DENÚNCIA SOBRE CONTAMINAÇÃO DA ÁGUA EM CAETITÉ MOBILIZA MPF, GOVERNO DA BAHIA E INB

Panorama Ambiental
São Paulo (SP) – Brasil
Outubro de 2008

20 de Outubro de 2008 - Família coleta água na região de Caetité: Ministério Público Federal da Bahia vai convocar audiência pública para discutir denúncia de contaminação da água local por urânio. INB, responsável pela mineração, diz que não há problema algum.

São Paulo (SP), Brasil — Estatal que explora urânio afirma que sua operação está livre de qualquer problema.
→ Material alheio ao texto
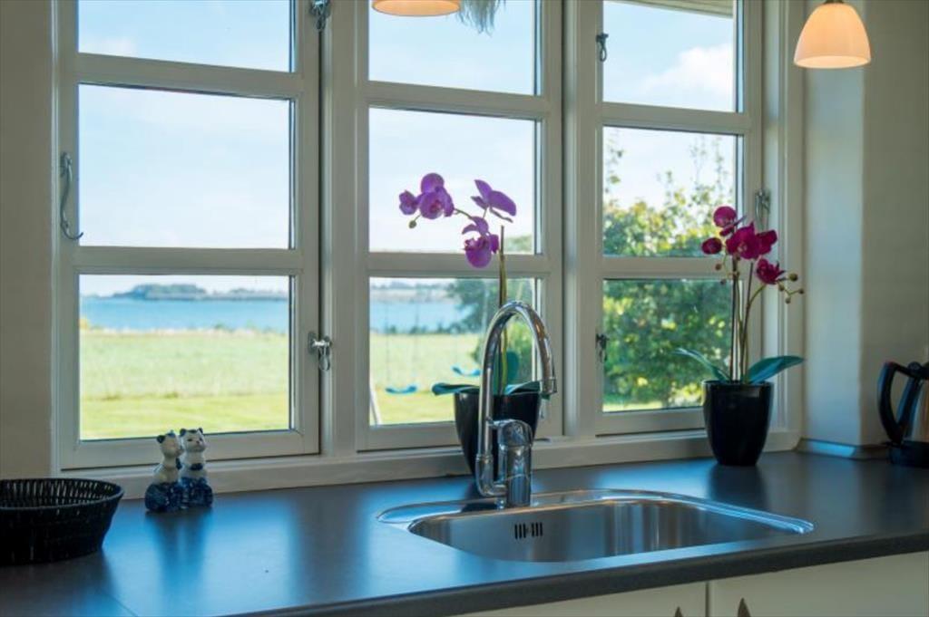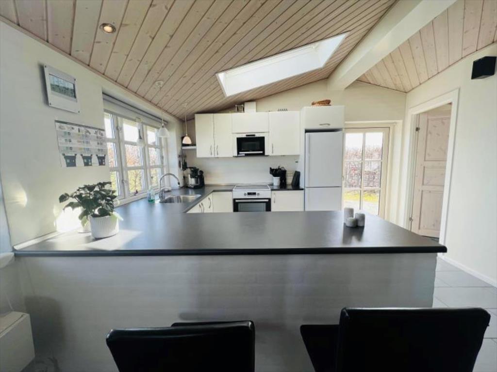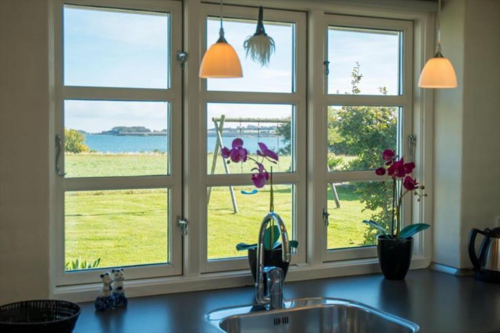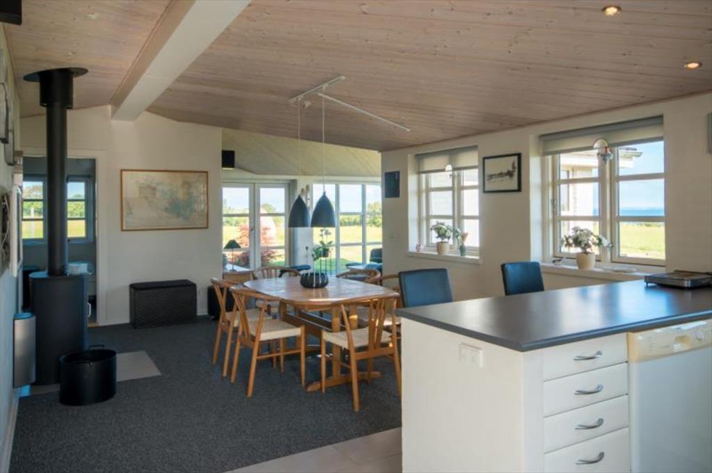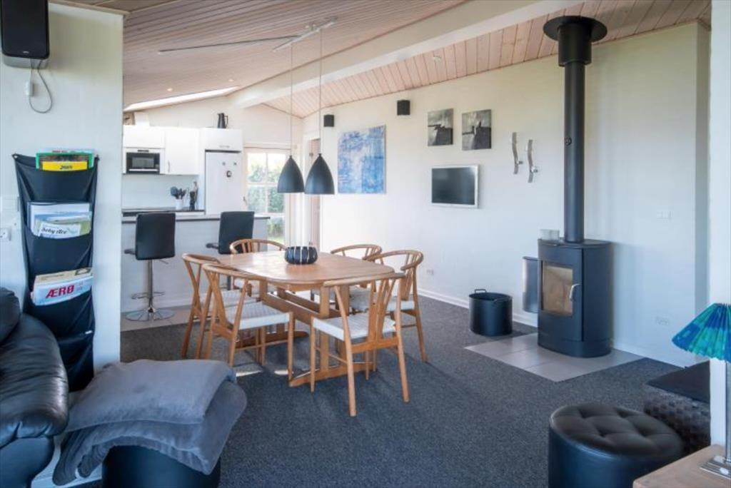 Huset er smagfuldt indrettet. Kombineret køkken-, spise- opholdsstue med brændeovn og den formidable udsigt over havet.
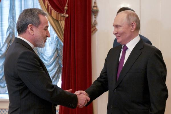 - ▲ 当地时间27日,访问俄罗斯莫斯科的伊朗外交部长阿巴斯·阿拉格齐(左)会见俄罗斯总统弗拉基米尔·普京时,正在与其握手。/塔斯社
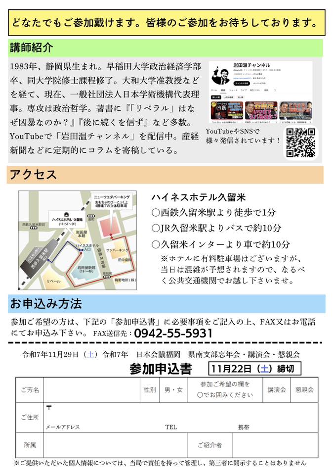 - 令和7年11月29日(土) 講演会15時開会 懇親会17時開会
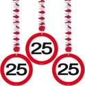 Décoration à suspendre 25 ans Panneau de signalisation 75cm 3 pièces
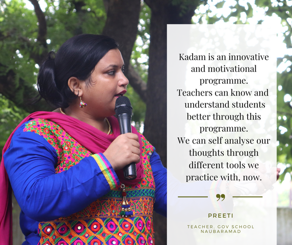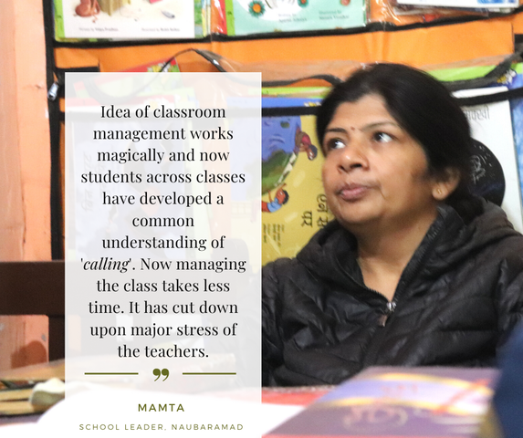 Simultaneously, we would work on building the capacity of the school leader to co-create the environment of learning. Our main aim would be to prepare the school leader to take it forwards after our exit from the school. Also, we involve and work with the community to align them on our activity happening in the schools. We provide the basic tools to the community so that they can support children to nurture the life skills in them.
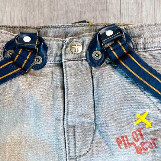 Pantalon Bébé Garçon 6Mois - Jean Gris Doublé Polaire avec Bretelles - Orchestra
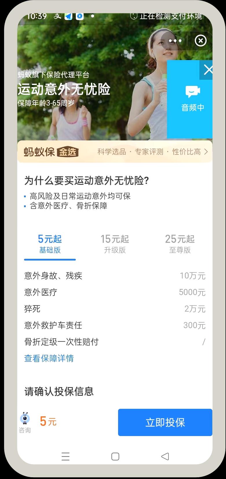 说明:购买运动意外伤害险步骤:1、打开支付宝,输入“运动意外伤害险”2、进行购买。

População local pensa diferente e exige investigação

A denúncia sobre a contaminação da água de Caetité (BA) por urânio, feita pelo Greenpeace no último dia 16 de outubro, começa a surtir efeito. Um dia depois da apresentação dos dados do relatório Ciclo do Perigo - Impactos da Produção de Combustível Nuclear no Brasil, que revelam problemas na área de influência direta da estatal Indústrias Nucleares do Brasil (INB), o Ministério Público Federal (MPF) da Bahia anunciou a realização de uma audiência pública para discutir os problemas com a população local e também representantes da INB. Uma equipe formada por técnicos de órgãos do governo do estado da Bahia, entre eles o Instituto de Meio Ambiente (IMA), o Instituto de Gestão das Águas e a Secretaria de Saúde, viajará a Caetité amanhã (terça-feira, dia 21/10) para fazer um diagnóstico da situação social e ambiental no entorno do empreedimento.

A empresa também se manifestou por meio de nota oficial, na qual nega todo e qualquer problema na região. Segundo a INB, "sua operação não apresenta qualquer evidência de contaminação ambiental ou que tenha colocado em risco a saúde dessas populações". Diz ainda que "realiza aproximadamente 16 mil análises ambientais por ano e ao longo de 8 anos de operação montou um banco de dados que lhe permite assegurar que opera dentro dos limites estabelecidos pelos órgãos de licenciamento" e que, "ao realizar perfurações para atender às comunidades do entorno, só libera a sua utilização após comprovada inexistência de urânio".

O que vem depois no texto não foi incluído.